サイコーが この程度のことで怒ったり、ましてや夢を捨てるような──そんな器の小さい男じゃなくて良かったです!
いてもたっても いられなくなって
カヤいわくの「セクハラ発言」を聞いて、ムラムラとガマンができなくなったサイコーは、急いでトイレへ駆け込んで──じゃなくて、収録現場まで走ったのかと思いました。意外と近くでしたね。
いつものように意外と冷静なシュージンは、「(寒いから締めて欲しいな……)」とか思っていそう。
この電話で興味深い点は、最初と最後の ひと言ずつしかサイコーと亜豆は「会話」をしていないことです ほとんどが視聴者のためだけに語っている。

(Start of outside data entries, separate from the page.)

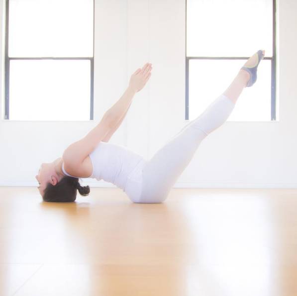 c 呼氣,向上抬腿與地面呈45度角,雙臂抬起,雙掌相合,盡量讓雙臂與雙腿保持平行。肋骨完全伸展,保持這個體式30秒,自然呼吸。呼氣,放下雙腿、雙臂回到瑜伽墊上,平躺放鬆。
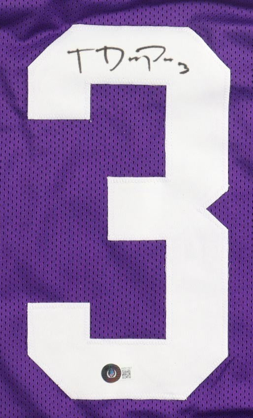 Custom on-field style jersey. Everything sewn on, size XL. Hand-signed by Tyrion Davis-Price (LSU Tigers). The autograph includes an official Beckett Authentication Services serially numbered Scannable hologram and QR Code...
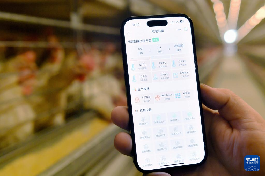 3月8日,在馆陶县一家智慧蛋鸡养殖产业示范园,工作人员通过移动端查看信息。
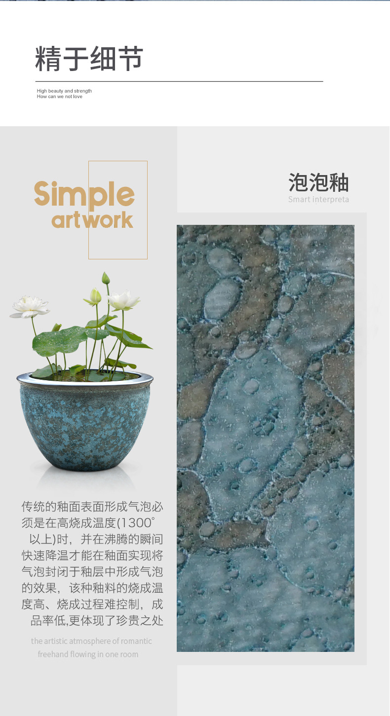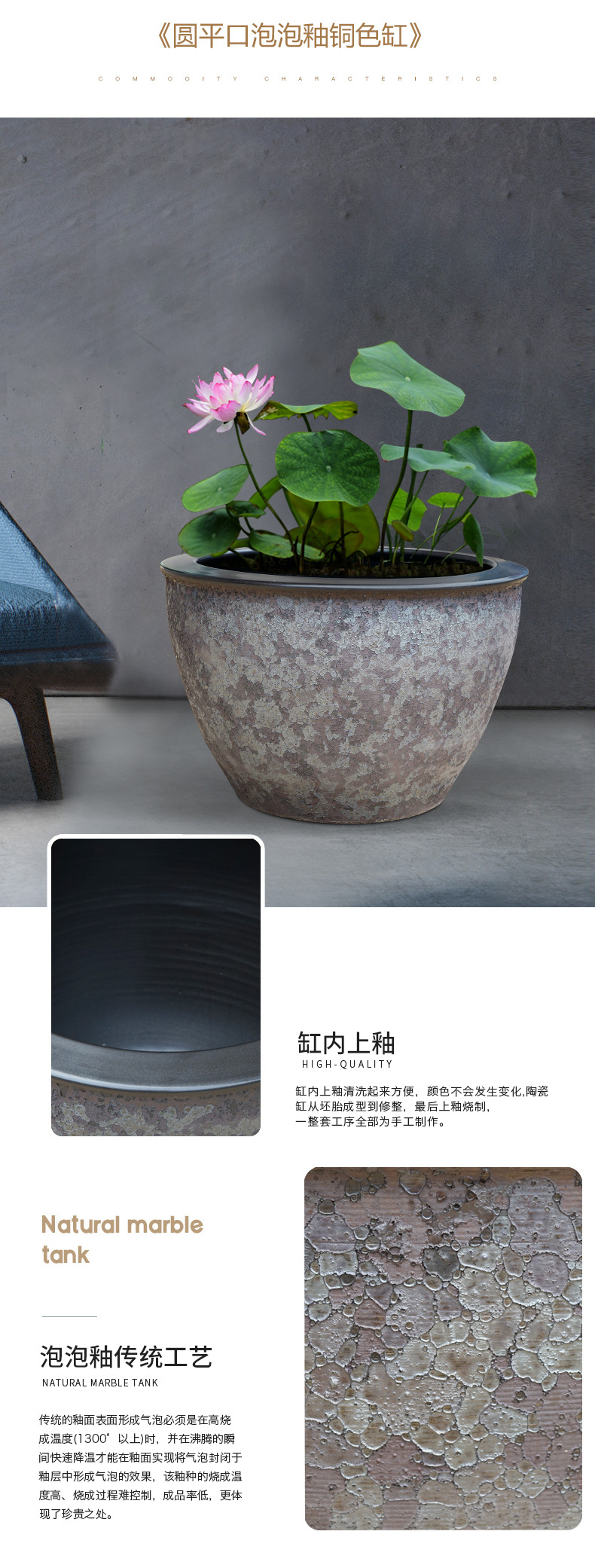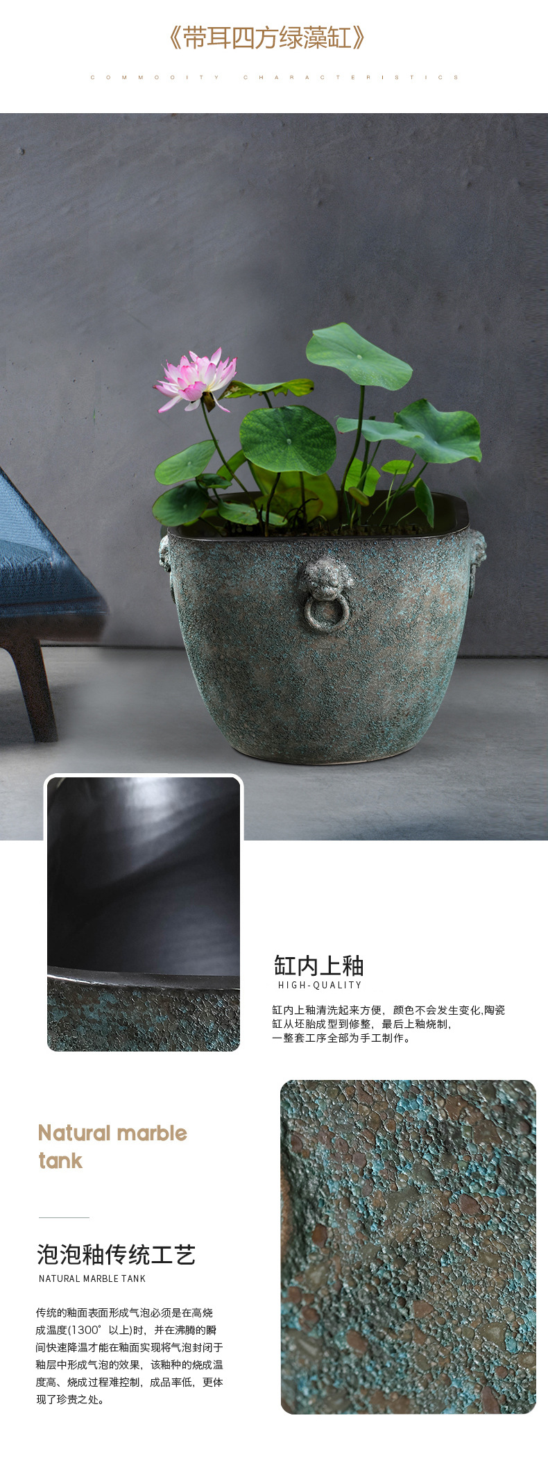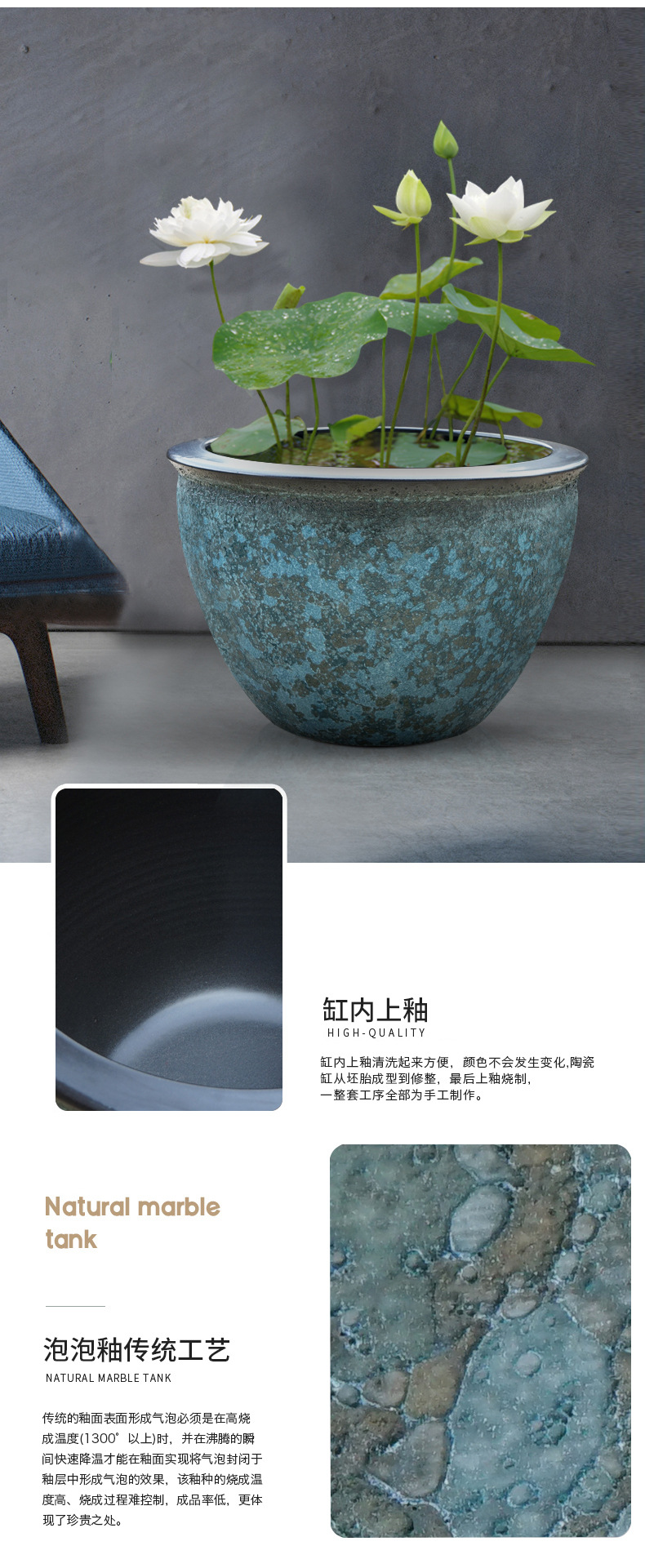 대형 탱크 초대형 빈티지 어항 맨손 탱크 대형 세라믹 물 탱크 가정용 물 저장 안뜰 Jingdezhen 거실

つまり、サラの電話にも出てきた「メールだけで励まし合ってる
」・「電話は 10 回より少ない
」を守っているんですよ! ここまで徹底されると感動してしまう。
『HUNTER×HUNTER』(下描き状態・休載)や『銀魂』(生々しい遊郭の描写)並に「ジャンプ」のルールへ鼻クソを付けてきたサイコー先生が、自分の恋の掟だけは遵守している……!
その「誓約と制約」こそが、マンガの原動力なのかも。
今までの 演技が皆さんを
「亜豆美保は 声優です
」とサイコーは視聴者へ訴える。この ごく当たり前の事実が、世間からは忘れ去られていた。スキャンダル好きな大衆は自分の欲望を満たすために、亜豆の職業どころか人間性を無視している。
サラのように素直な質問ができる人間は、個人的には好きです。しかし、下品な発言であることには間違いない。今回は たまたま良い方向へ動いたけれど、いつか痛い目を見る前に、誰かがサラを注意するべきですね(ワタクシに任せて欲しい)。
声優プロダクションの社長やマネージャは、なんとかして「声優・亜豆美保という商品」の価値が下がらないように考えた。それは自体は、彼らの仕事だから正しい。
しかし、亜豆の「商品価値」を守るために、彼女の最大の武器である「声」で「ウソをつくこと」によって信用を取り戻そうとしていた。自社製品の性能を偽って売るようなもので、まったくチグハグだ。
「彼女の声を 信じて欲しい
」とサイコーは語りかける。つまりは「彼女の仕事を評価するべきだ」という当然の主張ですね。
そもそも「亜豆自身を信用すること」は、彼女の身内でなければ本来は不可能です。芸能人を身近な存在に感じることはあっても、その人格まで信じることは──ちょっと異常だ。
そして その異常さこそが、ファンの条件だとも思う。